Table of Contents
- 1 Should each microservice have its own authentication?
- 2 How do you handle security between microservices?
- 3 How do Microservices authentication with each other?
- 4 When you will choose monolith over Microservices?
- 5 Where microservices should not be used?
- 6 How does microservices communicate with each other?
- 7 How to determine if a user is authorized in a microservice?
- 8 Are microservices more secure than monoliths?
Should each microservice have its own authentication?
Each microservice needs to implement its own independent security and enforce it on each entry-point. Each microservice depends on user authentication data, which it doesn’t own. It’s hard to maintain and monitor. Authentication should be a global solution and handle as a cross-cutting concern.
How do you handle security between microservices?
Here are eight steps your teams can take to protect the integrity of your microservices architecture.
- Make your microservices architecture secure by design.
- Scan for dependencies.
- Use HTTPS everywhere.
- Use access and identity tokens.
- Encrypt and protect secrets.
- Slow down attackers.
- Know your cloud and cluster security.
What are the challenges faced while using microservices?
Scalability is another operational challenge associated with microservices architecture. Although the scalability of microservices is often touted as an advantage, successfully scaling your microservice-based applications is challenging. Optimizing and scaling require more complex coordination.
What is crud in microservices?
Create, Read, Update, and Delete (CRUD) and Command and Query Responsibility Segregation (CQRS) are two of the most common microservices development patterns for dealing with data manipulation. CRUD model exists for years and a huge number of software systems have been built by combining CRUD & validation.
How do Microservices authentication with each other?
A user requests access to an application. The application determines that the user is not authenticated yet and redirects the user to the identity server. The user authenticates with the identity server. The identity server sends on successful authentication an access token/ID token to the user.
When you will choose monolith over Microservices?
For a lightweight application, a monolithic system often suits better. For a complex, evolving application with clear domains, the microservices architecture will be the better choice.
What would you do to minimize security risk when using Basic authentication over microservices?
Encrypt all communications (using https or transport layer security). Authenticate all access requests. Do not hard code certificates, passwords or any form of secrets within the code. Use DevSecOps tools designed for microservice architecture environments to scan code as it is developed.
Which of the following are best practices for microservices security?
Best Practices of Microservices Security
- Use TLS-protocols for all APIs.
- Profile All of Your APIs Due To Their Deployment Zones.
- Use OpenID or OAuth 2.0.
- Don’t Show Sensitive Data As Plain Text.
- Use Multi-factor Authentication.
- Protect Public APIs From Denial-Of-Service-Attacks.
- Use Encryption Before Persisting The Data.
Where microservices should not be used?
Microservices are not allowed to share data persistency so this issue can be avoided. Communication issues. If the communication between components is not well defined, the effort for reusing components increases drastically. Especially over the lifecycle of multiple versions of a component.
How does microservices communicate with each other?
A microservices-based application is a distributed system running on multiple processes or services, usually even across multiple servers or hosts. Therefore, services must interact using an inter-process communication protocol such as HTTP, AMQP, or a binary protocol like TCP, depending on the nature of each service.
How does a microservice handle authentication and authorization concerns?
In this strategy, a dedicated microservice will handle authentication and authorization concerns. Each business service must authenticate the request before processing it by downstreaming it to the authentication service. However, there are several downsides about this approach: The authorization check is a business concern.

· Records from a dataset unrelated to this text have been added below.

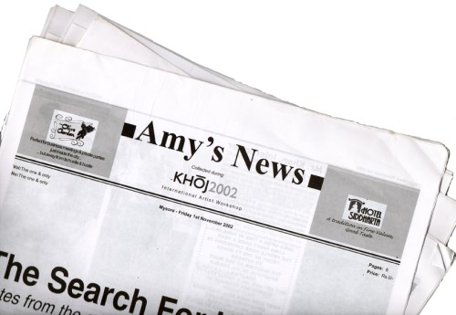 The paper is named after a newsagents shop in East London I noticed on the evening before I left for India 12 days ago. It seemed fitting because the paper really is a personal account. Not a diary exactly, but a record of incidents including the mundane – even a leaf falling from a coconut tree is news to me. I like the idea that if every person made a newspaper, how different they would be. The news stories have developed organically through conversation with those around; the staff at the Olive Garden, Khoj organisers and artists and local people visiting the evening slide shows. Some of these interactions gave leads to stories outside the Olive Garden. They were a great pleasure to pursue.
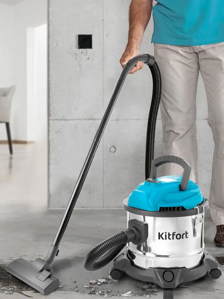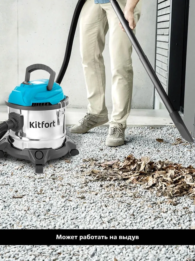 Хозяйственный пылесос Kitfort КТ-547 может проводить сухую уборку, а также засасывать воду и влажный мусор. Пылесос оснащен роликами для удобства перемещения и ручкой для переноски. Специальные держатели на корпусе позволяют хранить все необходимые насадки и аксессуары под рукой. Фильтры большой площади не засоряются при продолжительной уборке, их легко снять и почистить, а при необходимости их можно даже промыть водой. Если шланг присоединить к выходному отверстию, то пылесос начинает работать на выдув. Им можно продуть ноутбук. В комплекте идут все стандартные аксессуары: гибкий шланг, удлинительные трубки, щетка для пола с переключателем пол/ковер, насадки. Пылесос можно использовать как для повседневной уборки бытовых помещений различной площади, так и для уборки случайно разлитой по полу воды или для уборки мелкого строительного мусора (древесной стружки, опилок и пр.) с соблюдением мер предосторожности.
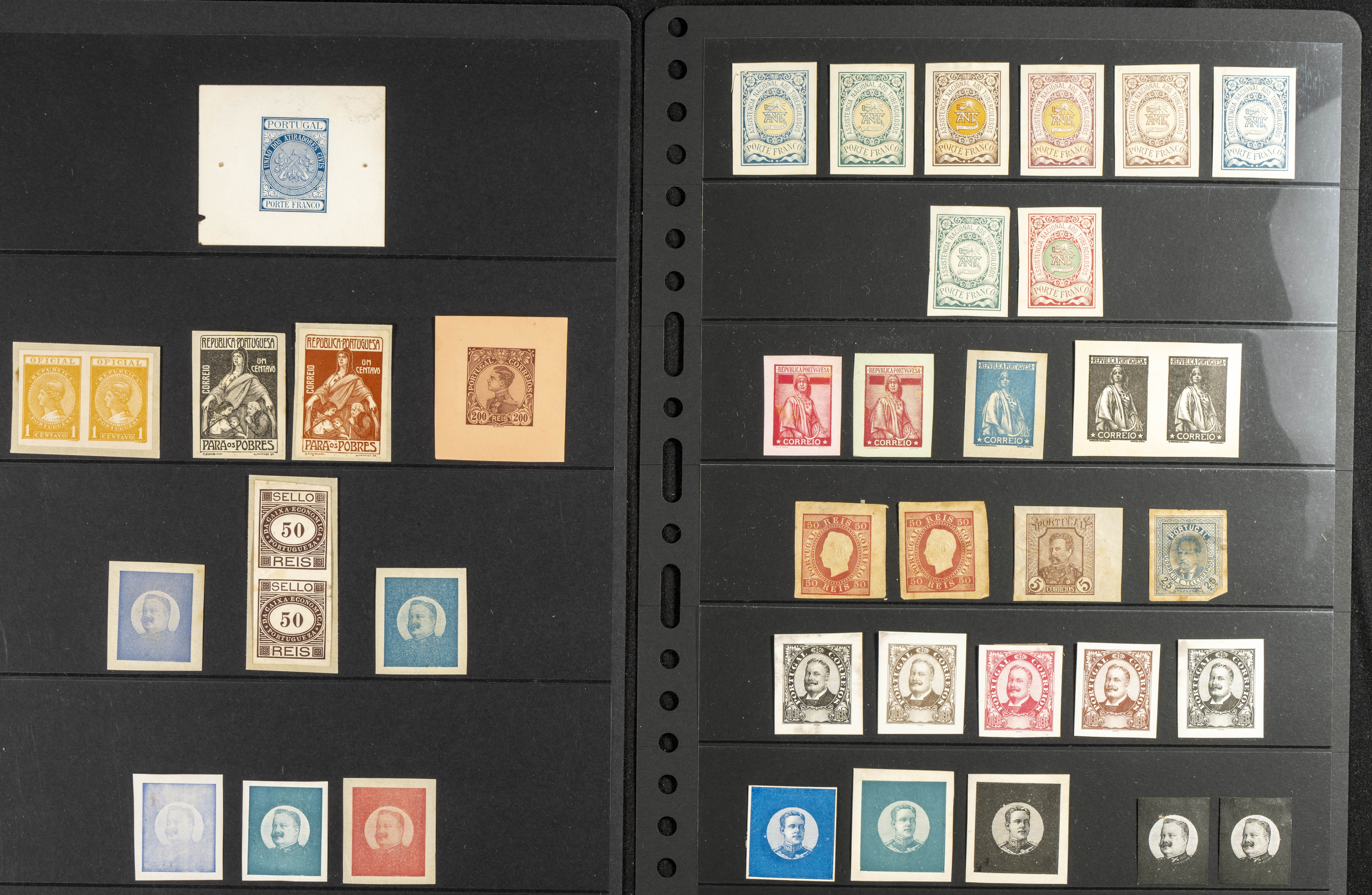 (★)(1870ca). Interesante conjunto de varias decenas de Pruebas y Ensayos de Portugal, la mayoría comprendidos entre 1870 y 1910 e incluyendo proyectos no adoptados de Don Luis I, Don Carlos I y Don Manuel II. IMPRESCINDIBLE EXAMINAR.

Why are microservices so hard to maintain and monitor?
Each microservice depends on user authentication data, which it doesn’t own. It’s hard to maintain and monitor. Authentication should be a global solution and handle as a cross-cutting concern.

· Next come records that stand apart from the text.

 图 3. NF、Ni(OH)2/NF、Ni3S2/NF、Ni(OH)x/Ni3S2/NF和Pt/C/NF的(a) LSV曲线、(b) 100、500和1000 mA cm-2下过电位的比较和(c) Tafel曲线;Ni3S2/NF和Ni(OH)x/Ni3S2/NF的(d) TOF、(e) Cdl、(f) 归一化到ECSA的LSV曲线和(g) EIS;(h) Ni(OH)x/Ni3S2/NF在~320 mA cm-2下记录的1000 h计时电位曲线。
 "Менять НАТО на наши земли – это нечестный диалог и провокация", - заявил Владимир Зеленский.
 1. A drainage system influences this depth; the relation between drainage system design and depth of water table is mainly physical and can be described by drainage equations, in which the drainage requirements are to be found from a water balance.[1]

With the assigned roles to the user executing the request, the microservice can now determine whether the user is authorized for the desired request. In this way, the application-specific only needs to be implemented in one place. A drawback of this is that authorization will be more scattered around in multiple services.
Are microservices more secure than monoliths?
In a microservices architecture, nothing is shared between them, so sharing user context is harder and must be explicitly handled from one microservice to another. According to the above security challenges, we conclude that a microservice’s security needs to be tackled differently from the monolith’s.